Я очень устала, почти перестала следить за собой, похудела. Но издательницы и публика относились ко мне с неизменной симпатией. Перебираясь с места на место, постоянно общаясь с разными людьми на чужом языке, на котором, впрочем, я быстро научилась бегло изъясняться, я заново открывала в себе способность, проявившуюся несколько лет назад, когда я занималась продвижением своей первой книги: самым естественным образом строить на основе событий собственной жизни обобщения, интересные слушателям. Я импровизировала, и с каждым днем это получалось у меня все лучше. Я рассказывала о мире, из которого вышла, о его нищете и убожестве, о злобе, живущей в мужских и женских сердцах; вспоминала Кармен и ее готовность защитить брата, обвиняемого в страшном преступлении, которого он, по ее мнению, не совершал.
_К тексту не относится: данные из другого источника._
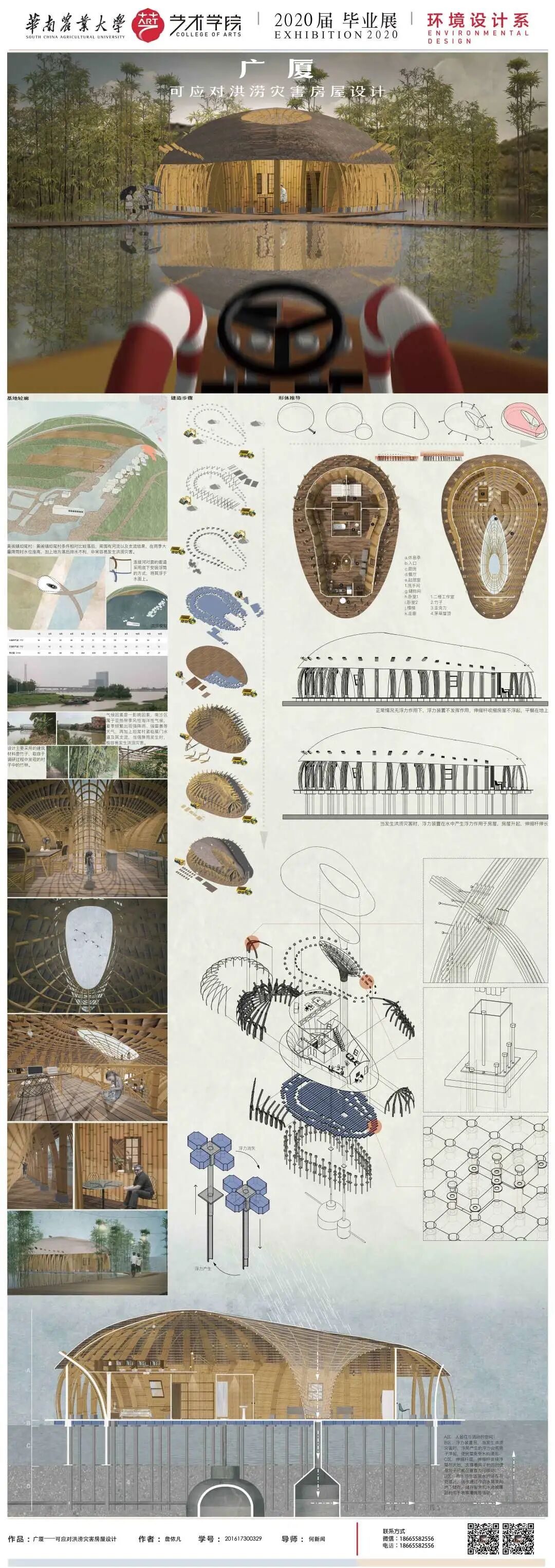 作品简介:“广厦”取自杜甫《茅屋为秋风所破歌》“安得广厦千万间,大庇天下寒士俱欢颜”,“广厦”是杜甫愿景里能够使天下贫寒疾苦的人都能安身立命的避难所。这里用“广厦”寓意一个在灾害发生时能起到避难功能的避难所,能成为居民的“广厦”。全球受洪涝灾难影响最大的国家之一——中国,中国80%的耕地面积和三分之二的国土面积受到洪涝灾害的影响。以广州市南沙区黄阁镇为项目所在地,设计一个符合可持续发展的可应对灾害的房屋,降低在灾害中发生风险的概率,减少在发生灾害时居民的财产损失,并满足居民的日常生活,尽量减少灾害对居民的影响。

Я говорила о своем детстве, об унизительном положении женщины в семье, о материнстве, о добровольной покорности женщин перед лицом мужчин. Говорила о том, на какие подлости может пуститься женщина из любви к мужчине. Я рассказывала о своем опыте общения с феминистками Флоренции и Милана, одновременно начиная понимать, что раньше сама его недооценивала; их привычка к болезненному самокопанию многому меня научила. Я признавалась, что всю жизнь, чтобы заставить себя уважать, старалась мыслить как мужчина, но продолжаю ощущать себя созданием мужчин, порождением их фантазий – с этой темы я начинала каждое свое выступление. Еще я рассказывала, что недавно встретила одного друга детства, который не жалеет сил, чтобы вытравить из себя мужское начало и превратиться в женщину.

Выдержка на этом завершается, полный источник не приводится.